In Montenegro, on 11 June citizens will vote in parliamentary elections after long-time President Milo Djukanovic was defeated in the 2 April presidential election by Jakov Milatovic, a pro-Western economist and the deputy head of the Europe Now (ES) movement. Djukanovic and his Democratic Party of Socialists (DPS) dominated the country’s politics for 30 years, alternating for most of the period between the role of president and prime minister. Although the presidential role is ceremonial, Milatovic’s victory in the April elections indicated that the populace is seeking a change in political leadership. The upcoming parliamentary elections will come amid a long-standing political crisis marked by no-confidence votes in two separate governments. With Djukanovic’s resignation as head of the DPS and Milatovic’s victory, the ES is projected to come first in the upcoming elections, followed by the DPS.

MENA: New Turkish cabinet signals change of economic policy

Sectors: all
Key Risks: economic; business

In Turkey, on 3 June President Recep Tayyip Erdogan announced his new cabinet, featuring new appointments to the finance, foreign and defence ministries, the most notable of which is the nomination of ex-banker Mehmet Simsek as Finance Minister. Erdogan won the second round of the presidential election on 28 May, defeating opposition leader Kemal Kilicdaroglu with 52.14 per cent of votes and extending his 20-year rule with a further five-year term. The choice of Simsek hints at a possible return to more traditional economic policies. In recent years, Ankara adopted an unorthodox approach to tackling inflation, prioritising low interest rates to boost production amid a severe economic and monetary crisis. These policies failed to mitigate the crises and undermined confidence in the government’s macroeconomic management. Simsek’s appointment is expected to lead to an interest rate hike in the coming months.

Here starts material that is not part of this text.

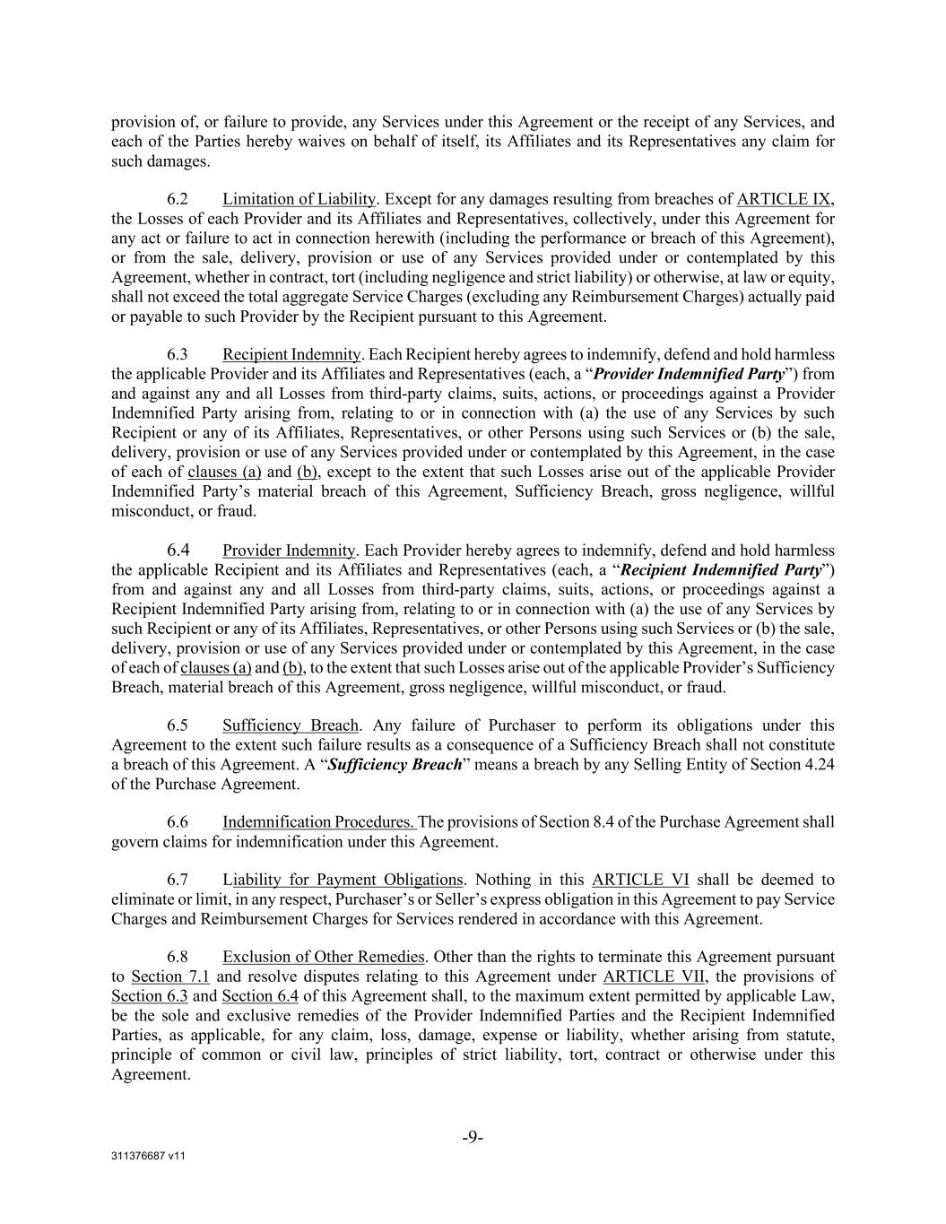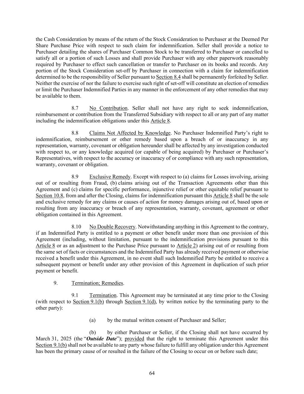 64 the Cash Consideration by means of the return of the Stock Consideration to Purchaser at the Deemed Per Share Purchase Price with respect to such claim for indemnification. Seller shall provide a notice to Purchaser detailing the shares of Purchaser Common Stock to be transferred to Purchaser or cancelled to satisfy all or a portion of such Losses and shall provide Purchaser with any other paperwork reasonably required by Purchaser to effect such cancellation or transfer to Purchaser on its books and records. Any portion of the Stock Consideration set-off by Purchaser in connection with a claim for indemnification determined to be the responsibility of Seller pursuant to Section 8.4 shall be permanently forfeited by Seller. Neither the exercise of nor the failure to exercise such right of set-off will constitute an election of remedies or limit the Purchaser Indemnified Parties in any manner in the enforcement of any other remedies that may be available to them. 8.7 No Contribution. Seller shall not have any right to seek indemnification, reimbursement or contribution from the Transferred Subsidiary with respect to all or any part of any matter including the indemnification obligations under this Article 8. 8.8 Claims Not Affected by Knowledge. No Purchaser Indemnified Party’s right to indemnification, reimbursement or other remedy based upon a breach of or inaccuracy in any representation, warranty, covenant or obligation hereunder shall be affected by any investigation conducted with respect to, or any knowledge acquired (or capable of being acquired) by Purchaser or Purchaser’s Representatives, with respect to the accuracy or inaccuracy of or compliance with any such representation, warranty, covenant or obligation. 8.9 Exclusive Remedy. Except with respect to (a) claims for Losses involving, arising out of or resulting from Fraud, (b) claims arising out of the Transaction Agreements other than this Agreement and (c) claims for specific performance, injunctive relief or other equitable relief pursuant to Section 10.8, from and after the Closing, claims for indemnification pursuant this Article 8 shall be the sole and exclusive remedy for any claims or causes of action for money damages arising out of, based upon or resulting from any inaccuracy or breach of any representation, warranty, covenant, agreement or other obligation contained in this Agreement. 8.10 No Double Recovery. Notwithstanding anything in this Agreement to the contrary, if an Indemnified Party is entitled to a payment or other benefit under more than one provision of this Agreement (including, without limitation, pursuant to the indemnification provisions pursuant to this Article 8 or as an adjustment to the Purchase Price pursuant to Article 2) arising out of or resulting from the same set of facts or circumstances and the Indemnified Party has already received payment or otherwise received a benefit under this Agreement, in no event shall such Indemnified Party be entitled to receive a subsequent payment or benefit under any other provision of this Agreement in duplication of such prior payment or benefit. 9. Termination; Remedies. 9.1 Termination. This Agreement may be terminated at any time prior to the Closing (with respect to Section 9.1(b) through Section 9.1(d), by written notice by the terminating party to the other party): (a) by the mutual written consent of Purchaser and Seller; (b) by either Purchaser or Seller, if the Closing shall not have occurred by March 31, 2025 (the “Outside Date”); provided that the right to terminate this Agreement under this Section 9.1(b) shall not be available to any party whose failure to fulfill any obligation under this Agreement has been the primary cause of or resulted in the failure of the Closing to occur on or before such date;
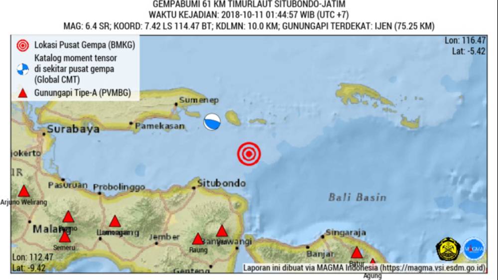 Menurut informasi dari Badan Meteorologi Klimatologi Geofisika (BMKG), pusat gempa berada di laut, 56 kilometer Timur Laut Situbondo, dengan kedalaman dangkal hanya 10 kilometer.

Sub-Saharan Africa: No majority expected after legislative elections in Guinea-Bissau

Sectors: all
Key Risks: political stability

In Guinea-Bissau, on 4 June the country held legislative elections. The vote – initially scheduled for December 2022 – came after President Umaro Sissoco Embalo dissolved parliament in May 2022 after accusing lawmakers of protecting MPs facing corruption allegations among other issues. There are three main parties contesting the 102 seats, including Embalo’s Madem G15 party, the African Party for the Independence of Guinea and Cape Verde (PAIGC) and the Party for Social Renewal (PRS). Embalo plans to change the constitution – by removing the semi-presidential system – if his Madem G15 party can secure enough votes. Critics have accused Embalo of trying to consolidate his grip on power. However, the Madem G15 party is unlikely to secure the majority vote needed to pass the constitutional amendment and will likely need to enter a coalition. Results are expected on 6 June.